Mass balances on an isothermal, steady-state CSTR for the irreversible reaction \(A\rightarrow2B\) whose rate is \(n^{th}\) order in \(C_A\).

\[F_{A_{0}} – F_A – kC_{A}^{n}V=0\]

in – out + rate of generation = 0

\[F_{B_{0}} – F_B – 2kC_{A}^{n}V=0\]

where \(F_A\) and \(F_B\) are the molar flow rates (mol/s) of A and B leaving the reactor, respectively, \(F_{A_{0}}\) and \(F_{B_{0}}\) are the molar flow rates (mol/s) of A and B entering the reactor, respectively, \(V\) is the volume of reactor contents (L), \(k\) is the rate constant, and \(C_A\) is the molar concentration of A (mol/L).

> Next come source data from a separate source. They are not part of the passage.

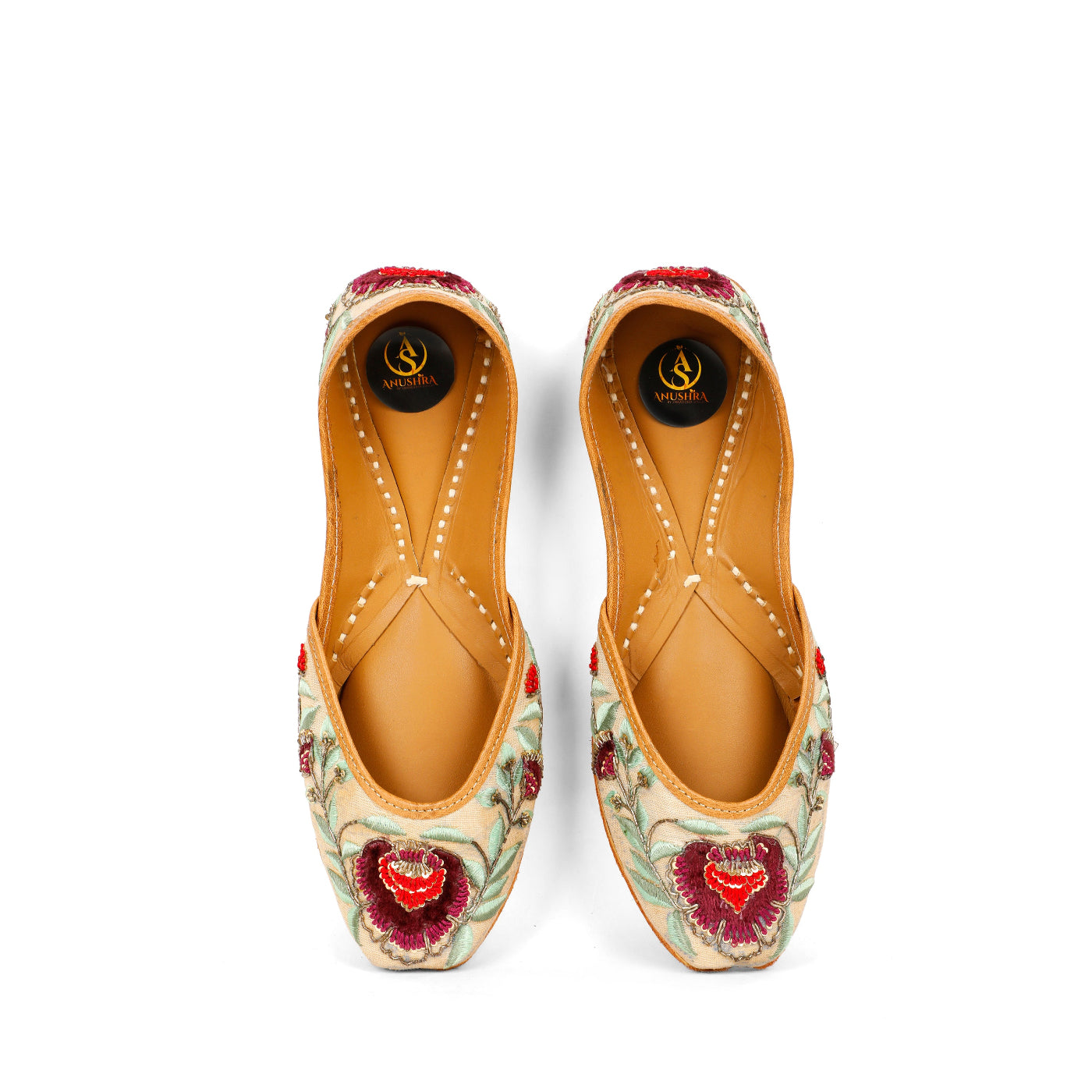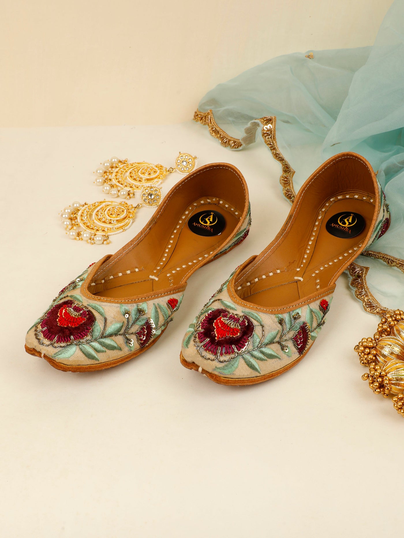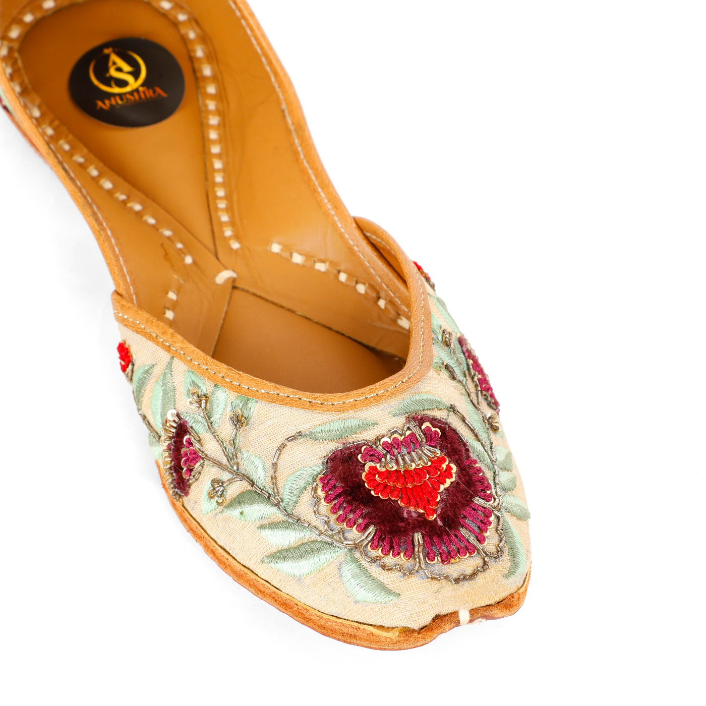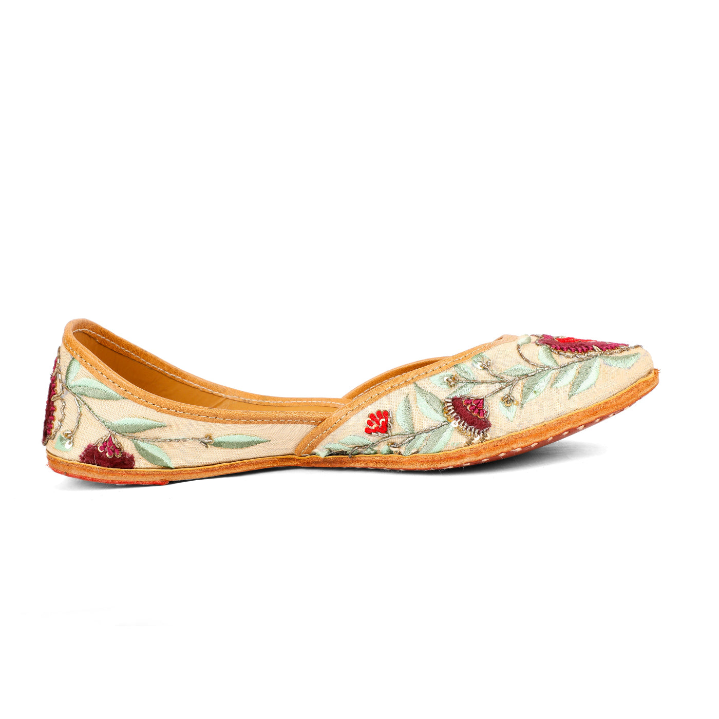 Graceful, refined, and steeped in tradition, the Gulrez Jutti is crafted for moments that call for timeless elegance. Set on a soft ivory-beige base, this handcrafted jutti features exquisite floral embroidery in deep wine and crimson hues, complemented by soothing sage-green leaves and delicate metallic accents. The intricate detailing brings a regal charm, while the cushioned leather lining and hand-stitched sole ensure all-day comfort. Perfect for weddings, festive soirées, and elegant celebrations, this jutti pairs beautifully with both classic and contemporary ethnic wear.
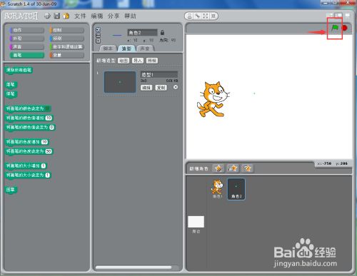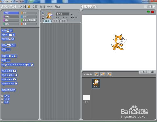1、打开scratch1.4,进入其本家儿界面;
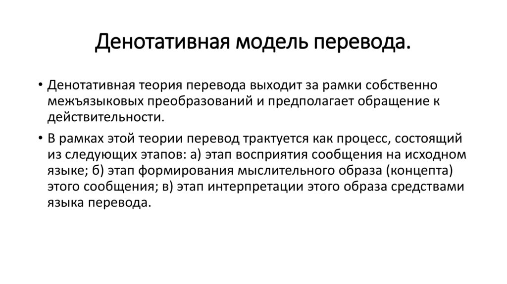 Денотативная модель перевода.• Денотативная теория перевода выходит за рамки собственно
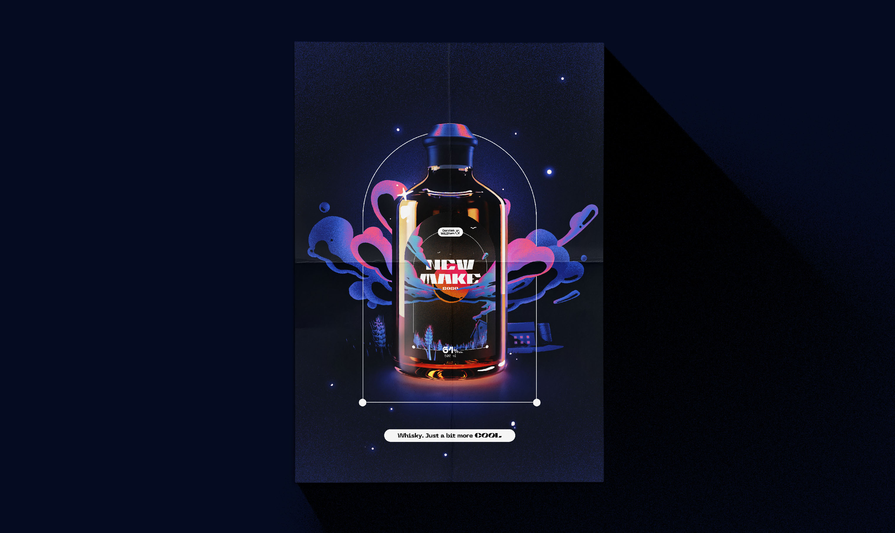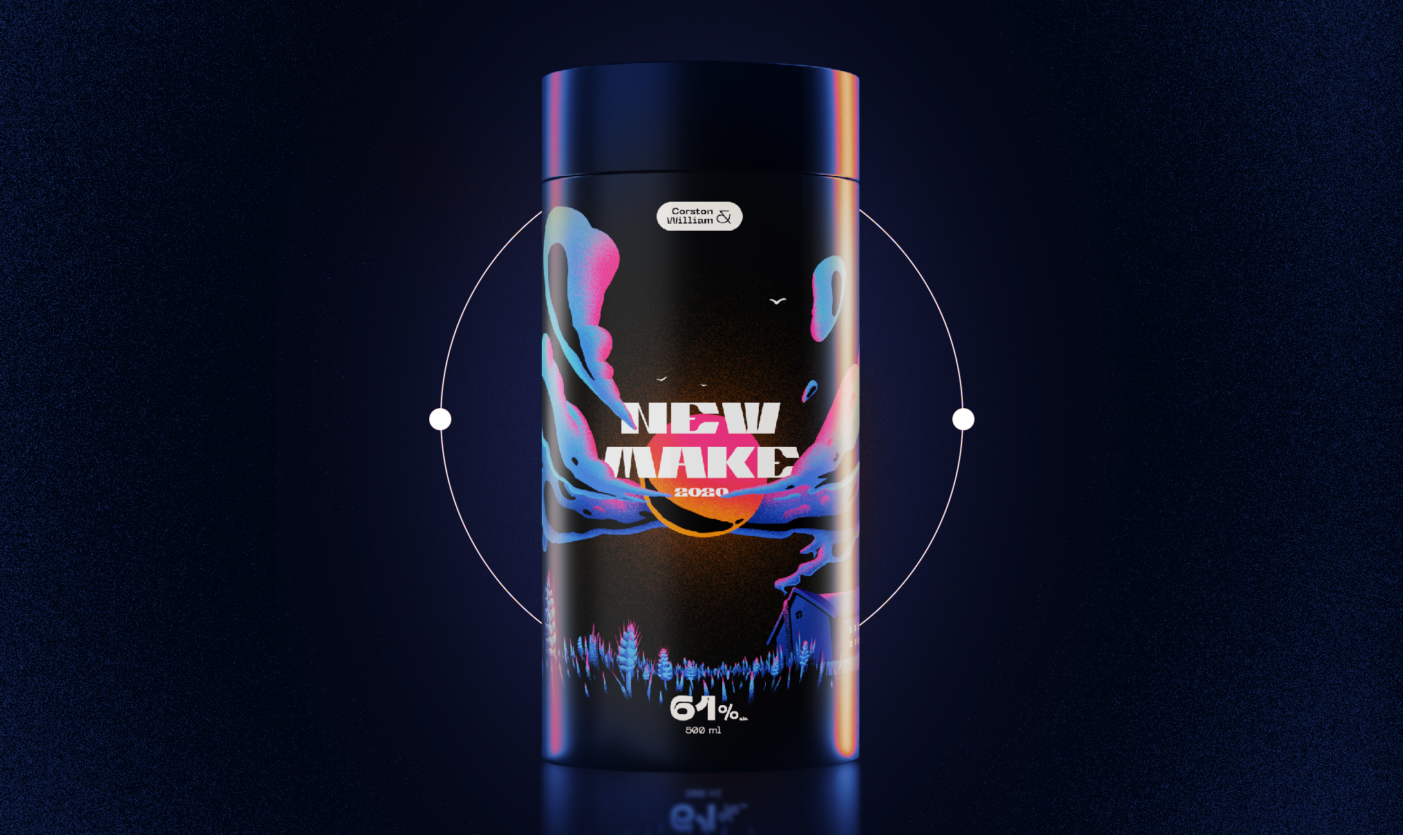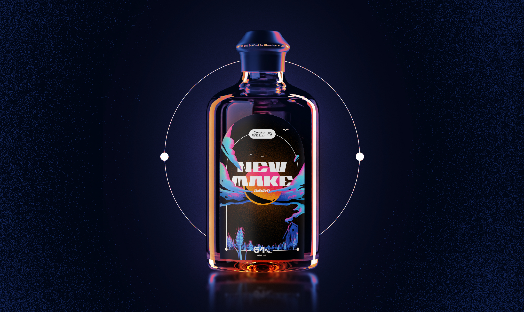 Dizajn etikety New make-u novej značky Corston & Williams. Vizuálne som sa snažil čo najviac oddialiť od konvenčích dizajnov etikiet liehovín. Použil som pestré farby, hlavným prvkom vizuálu je ilustrácia zobrazujúca nočno/ranný pohľad na pole s páliarňou, symbolizujúci začiatok novej značky.
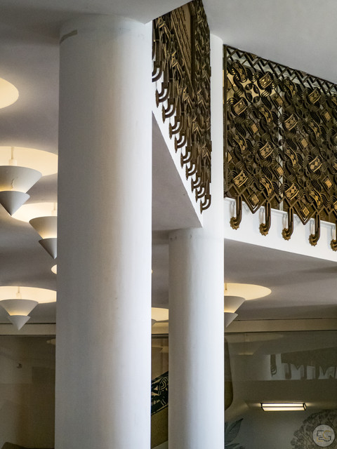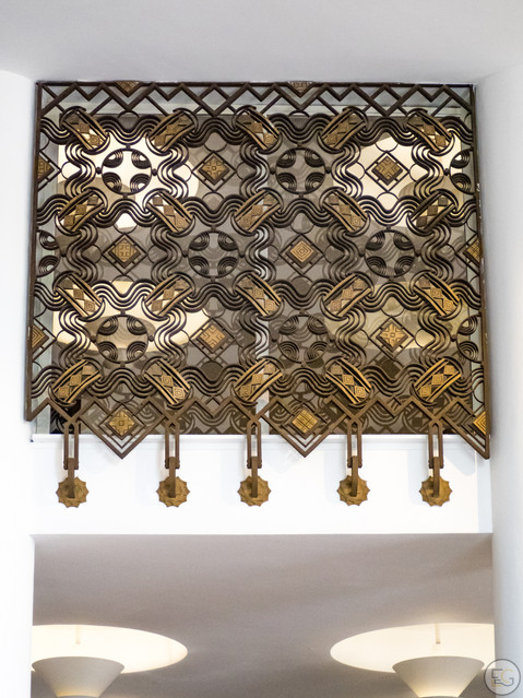 Détails des ferronneries en claire-voie de Raymond Subes situé en surplomb du hall d'honneur.
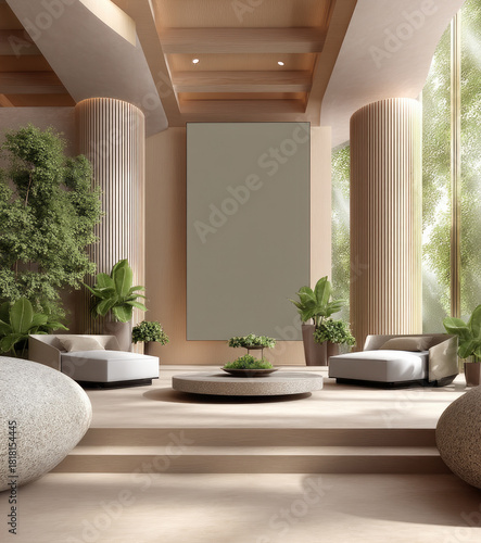 © visoot, Obraz premium Modern lounge with natural light, large columns, indoor plants, stone decor, and minimalist furniture creates calm, inviting atmosphere
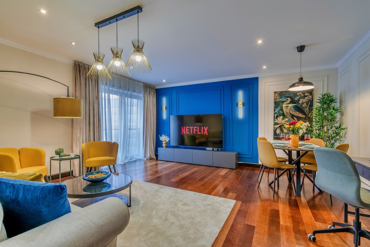 Discover a touch of luxury in our newly finished 2022 apartment, thoughtfully designed by top interior designers. This 2-bedroom flat offers a blend of modern elegance and comfort, ensuring a memorable stay. Conveniently located within walking distance to Romexpo, you're perfectly positioned to explore and enjoy Bucharest's attractions. Dive into a space where contemporary design meets homely warmth, making it the ideal retreat for your city escapade.
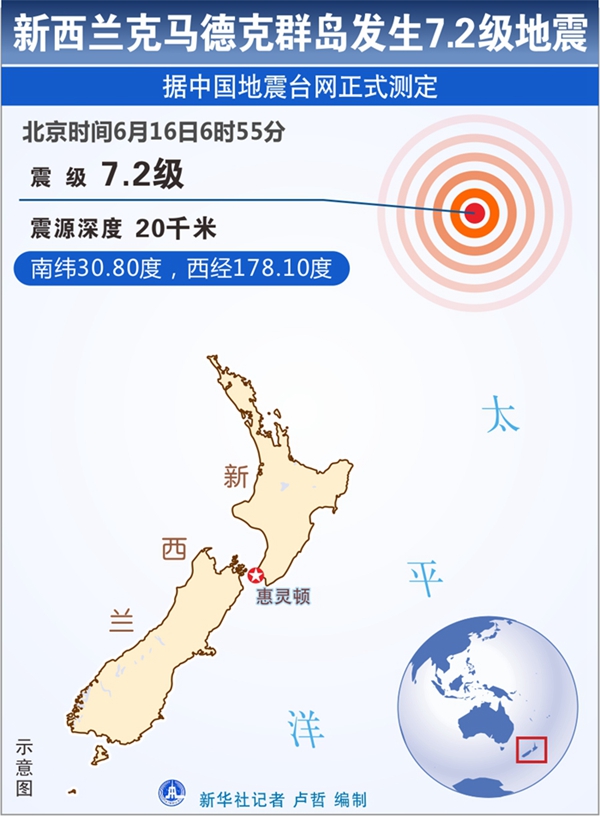 新華社快訊:中國(guó)地震臺(tái)網(wǎng)正式測(cè)定,6月16日6時(shí)55分,在新西蘭克馬德克群島(南緯30.8度,西經(jīng)178.1度)發(fā)生7.2級(jí)地震,震源深度20公里。
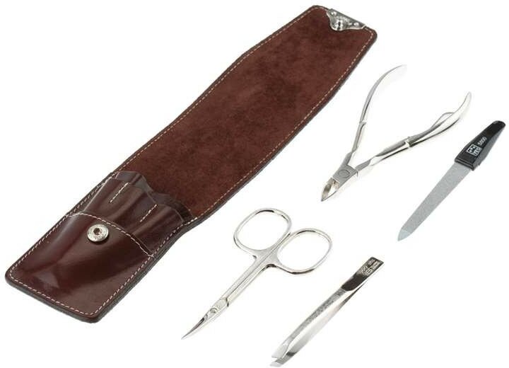 Маникюрный набор YES, 4 пр. Футляр: натуральная кожа, цвет коричневый
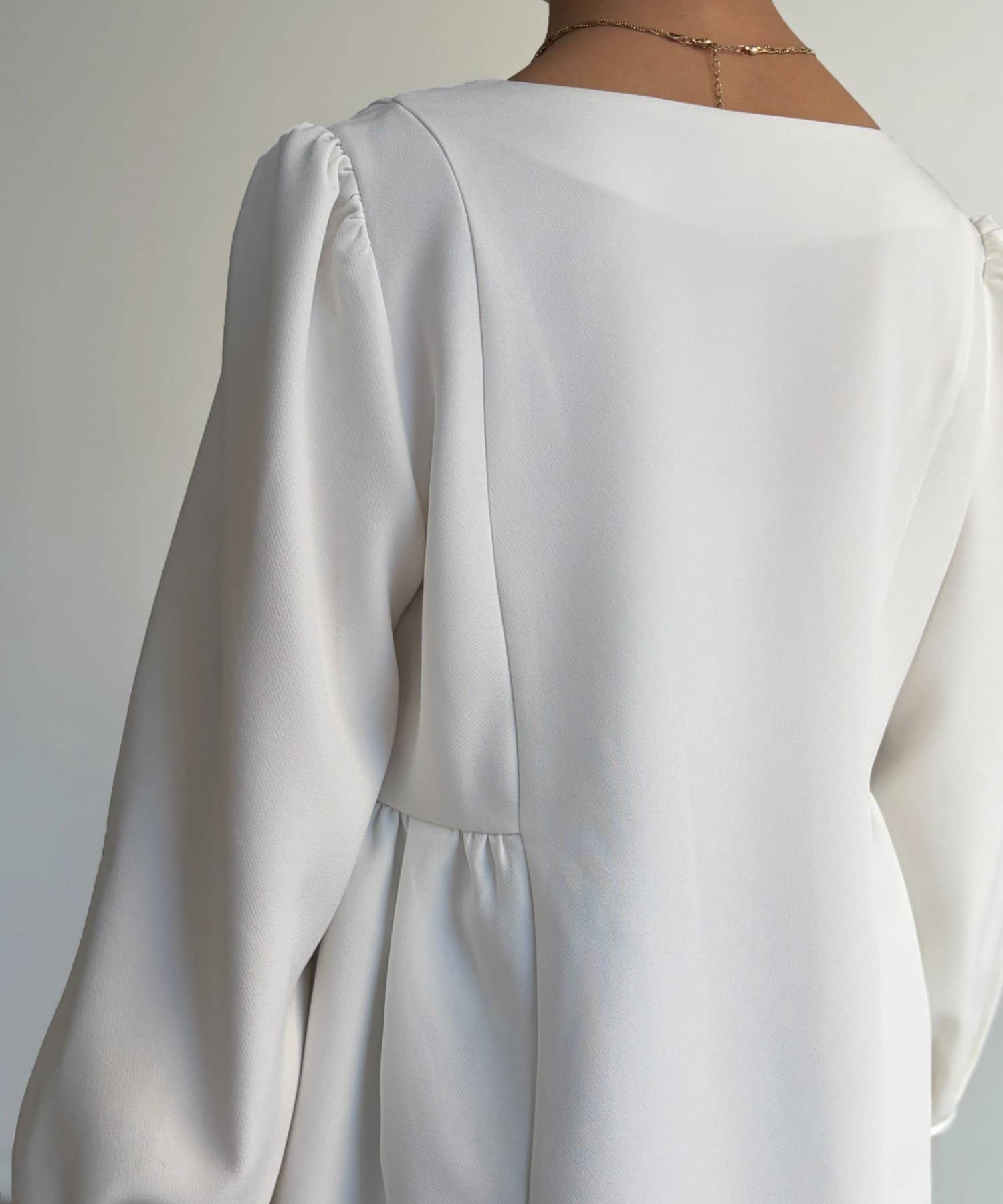 嬉しいポイント。キーネックでデコルテのシルエットもきれいに見せてくれます。

These equations use the relations

\(F_A = vC_A\) and \(F_B = vC_B\)

where \(v\) is the volumetric flow rate (L/s). For a liquid-phase system, \(v\) can often be assumed constant.

\[X = \frac{(F_{A_{0}}-F_A)}{F_{A_{0}}}\]

where \(X\) is the fractional conversion.

Percent conversion = 100*\(X\)